Notes from the garden.
Every morning Wilder and I walk to the garden. He prefers to walk straight through the two hulking evergreens in our front yard—the boughs of each reach toward each other and create a canopy of dark trees. He also prefers that I not follow him, instead motioning for me to go around to the right, where we’ll meet on the other side. Once reconnected we continue on our way, though he may stop to throw a rock or pick a dandelion.
Inside, we’ll survey. A garden is its best first thing in the morning before the sun has risen. It’s crisp, alert, open. The blossoms arch their bodies up and back to entice the bees. The greens are happy with their cool night and crunchy to the touch. The tomatoes are not yet making their demands but instead feeling content with their place in the world.
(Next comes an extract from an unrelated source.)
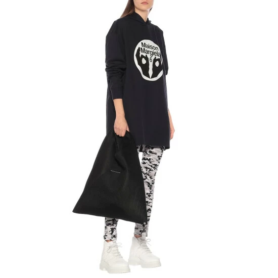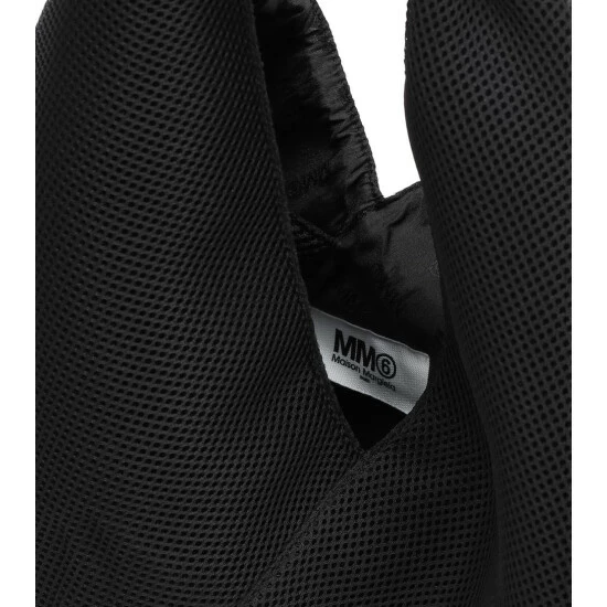 The black Japanese Medium tote from MM6 Maison Margiela is defined by a triangular cut that provides optimal storage space. Crafted in Italy from mesh, it suspends from a rolled leather top handle and is subtly accented with a logo charm in one corner.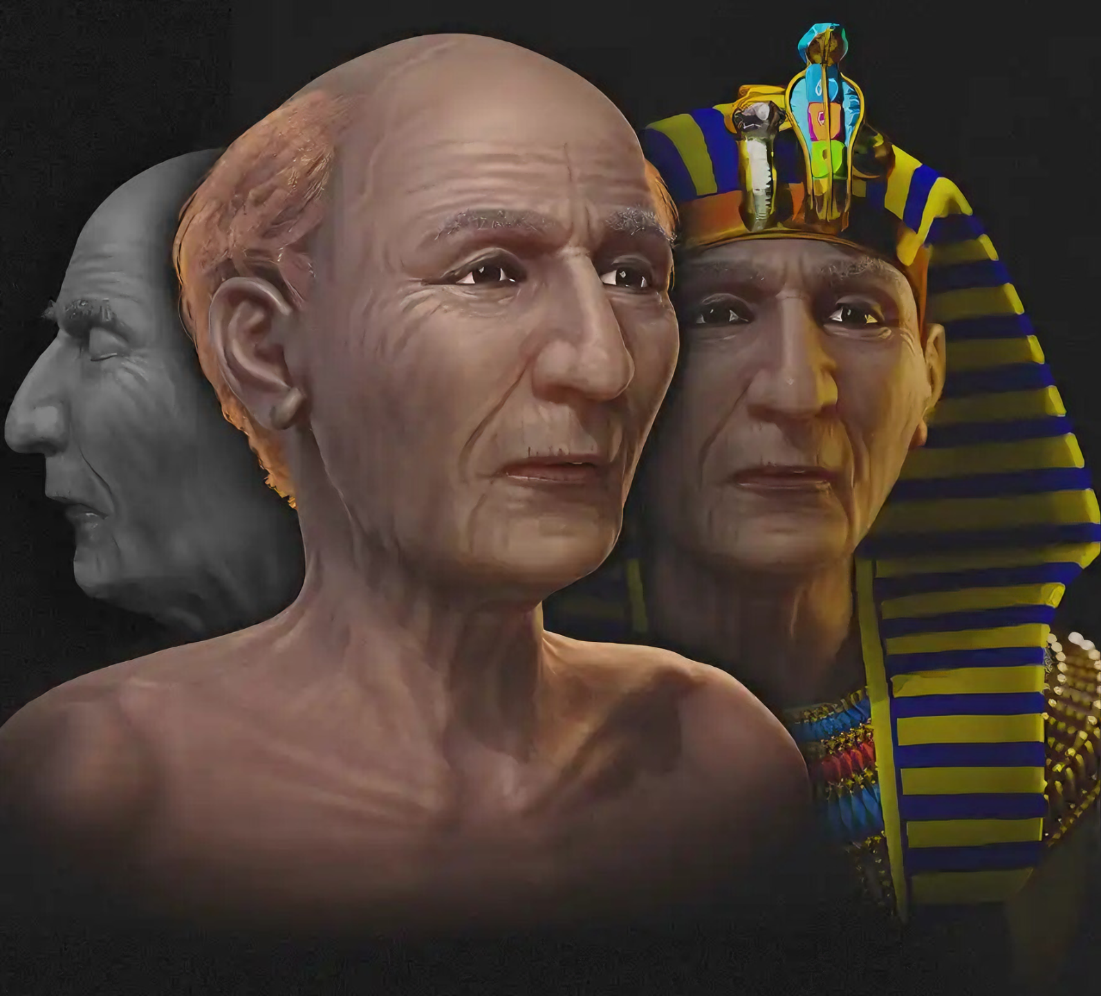 미라를 스캔했으니 젊은 파라오가 아니라 물경 66년이나 철권통치한 마지막 모습이다.

Throughout the inspection Wilder will snack. Mostly snow peas, but he is also likely to stuff in his mouth green beans, a leaf of kale, and, once discovering a ripe strawberry, he will spit all else out, dutifully carve out the green top as I showed him, and tear into the fruit, juices flowing.
The garden brings me a mix of emotions. Upon entering I am faced with everything I’ve done wrong, everything I’ve chosen to ignore. There are vegetables that will take your inadequacies in stride and there are those that will not. My squash, this year, have been sorely disappointed in the lack of pollination and my lack of attention to the issue. They have been self-aborting. It’s heartbreaking, seeing little baby squash after little baby squash commit kamikaze, diving off their stem into the dirt. I promise to do better, learning how to connect a male blossom’s pollen to female blossom’s stigma. It is a bizarrely human act.
In equal measure to the frustration and despair is fulfillment and wonder. As I walk to the garden while Wilder sleeps, I remind myself of the tremendous act of growing. If nothing else, the soil I am building is now healthier and stronger than four seasons ago when it began.
This has been deemed The Year of the Snowpea, so bountiful and delicious they have been. “What will we do without snowpeas?” laments James in recognition of the oncoming season when we feel the cooling breeze. The strawberries, herbs, and lettuces have been equally rewarding and in amounts I can share.
And so gardening releases unbridled joy. It doesn’t actually make sense—the amount of time, resources, effort that it takes to hold a single beet in ones hand cannot be quantified (assuredly higher than the cost of a supermarket beet). When holding the beet, however, nothing else matters. There were likely tears, violent invasions, a fraction of the production you had hoped for—but my god, THE BEET. Joy is present in incalculable, nonsensical amounts. It is enough, somehow, to carry you into another season of melodrama.
It is likely this unknowing that attracts me most to gardening. Even the finest among us are at the mercy of what the earth brings, be it drought or hail, virus or invader. But beyond this is its deeply physical, deeply sensual practice. It demands you put your hands in dirt. It demands you get on your knees. It demands you sweat. It demands you pay attention to what surrounds, it demands you don’t stick tightly to your own desires because they will likely be trampled to nothing.
“You know your grandmother could grow anything from a clipping,” says dad two weeks ago when he was visiting. “Don’t you remember her fuchsias?” I don’t. “Man, she must have had over two dozen varieties in the garden. Whenever she came across one she didn’t have, she’d just take the tiniest snippet and put it in water. Weeks later it would be abundant.”
He chokes up even then. There is so little I know about my grandma and yet this rings true. I remember in my earliest visits to her little home in the East Bay a garden full of flowers. I remember coming one year and it feeling stark. “It’s becoming too much work,” she said.
My dad’s comment makes me feel alive. Growing is in my blood. I march confidently that day toward the beds. “My grandma was a great gardener,” running through my head. I had always imagined my great-great-grandmother, Jacinta, to be. She ran the quinta in São Caetano on the island. Kale, gourds, chickens were all in her charge. Her earth, like mine, was full of rocks. This land is the site of tectonic plates colliding millions of years ago, the ramifications of which I feel every time I try to push my spade into the ground. My grandmother’s island is actually a volcano, the earth of which is all rock, all basalt, all black and porous and rough. Growing—despite the challenges—is in my blood.
I am increasingly obsessed with the future. I have almost always been someone obsessed with the past, unwilling to move past what I wish I could have held on to. These days I have no time for that, nor do I care. What dominates my mind is wondering what I am giving to Wilder, what I am leaving him with, what he will need, what he can provide.
It is beautiful to watch him move among the boxes, to point at the fruit of our labor, to say “broc!” ecstatically when he sees new side shoots from the broccoli plants. I love watching him trudge to the faucet to turn off the hose, I love handing him the basket and saying “Time to harvest”. I love his slight crouch as he looks under the bean leaves for a long green one he can pick. I love that he eats straight off the vine, that he sways when he waters, that he smells flowers, I love that so much of this I have never told him to do, he has simply intuited. I love that though I cannot control any outcome, somewhere in his tiny body is the feeling of his hands in the dirt.